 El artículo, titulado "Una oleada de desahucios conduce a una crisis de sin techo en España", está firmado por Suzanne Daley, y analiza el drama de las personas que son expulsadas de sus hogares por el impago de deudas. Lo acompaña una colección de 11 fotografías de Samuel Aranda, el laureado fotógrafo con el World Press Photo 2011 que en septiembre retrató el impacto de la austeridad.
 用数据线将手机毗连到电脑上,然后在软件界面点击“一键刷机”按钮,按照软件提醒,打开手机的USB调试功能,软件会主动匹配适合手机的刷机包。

==

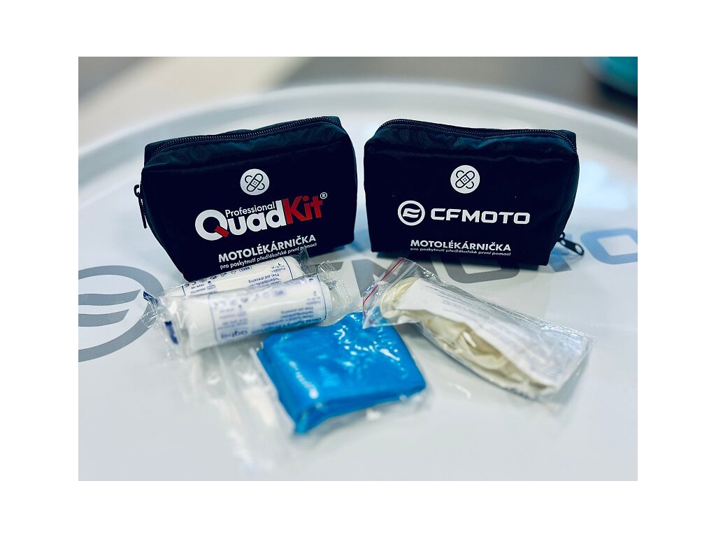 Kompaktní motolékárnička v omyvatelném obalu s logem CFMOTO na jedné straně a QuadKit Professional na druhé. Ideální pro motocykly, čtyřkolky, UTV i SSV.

* * *

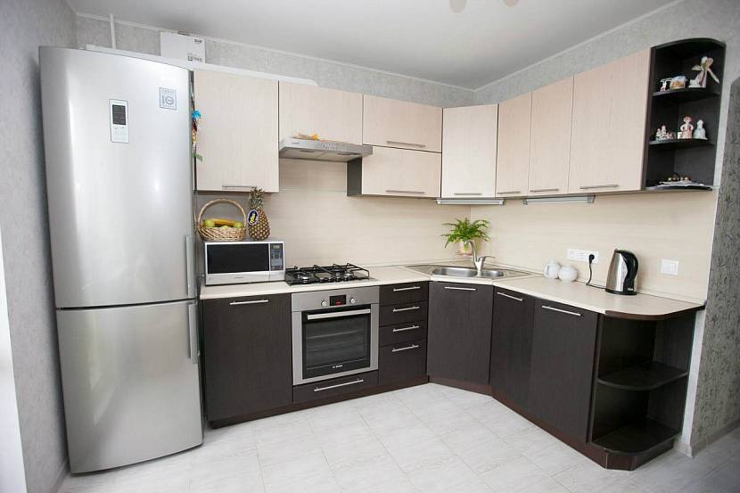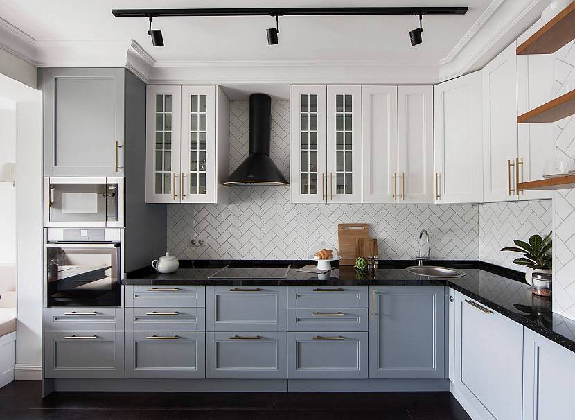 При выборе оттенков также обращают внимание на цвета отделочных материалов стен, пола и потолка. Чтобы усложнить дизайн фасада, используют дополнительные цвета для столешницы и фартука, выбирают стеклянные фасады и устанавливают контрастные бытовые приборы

◆ **WHAT YOU ARE ASKED TO DO**
Where the data above reaches the line holding "El artículo, titulado", begin printing, and stop after the line holding "用数据线将手机毗连到电脑上,然后在软件界". Each line must be reproduced exactly, with nothing else added.

◆ **TASK RESPONSE**
 El artículo, titulado "Una oleada de desahucios conduce a una crisis de sin techo en España", está firmado por Suzanne Daley, y analiza el drama de las personas que son expulsadas de sus hogares por el impago de deudas. Lo acompaña una colección de 11 fotografías de Samuel Aranda, el laureado fotógrafo con el World Press Photo 2011 que en septiembre retrató el impacto de la austeridad.
 用数据线将手机毗连到电脑上,然后在软件界面点击“一键刷机”按钮,按照软件提醒,打开手机的USB调试功能,软件会主动匹配适合手机的刷机包。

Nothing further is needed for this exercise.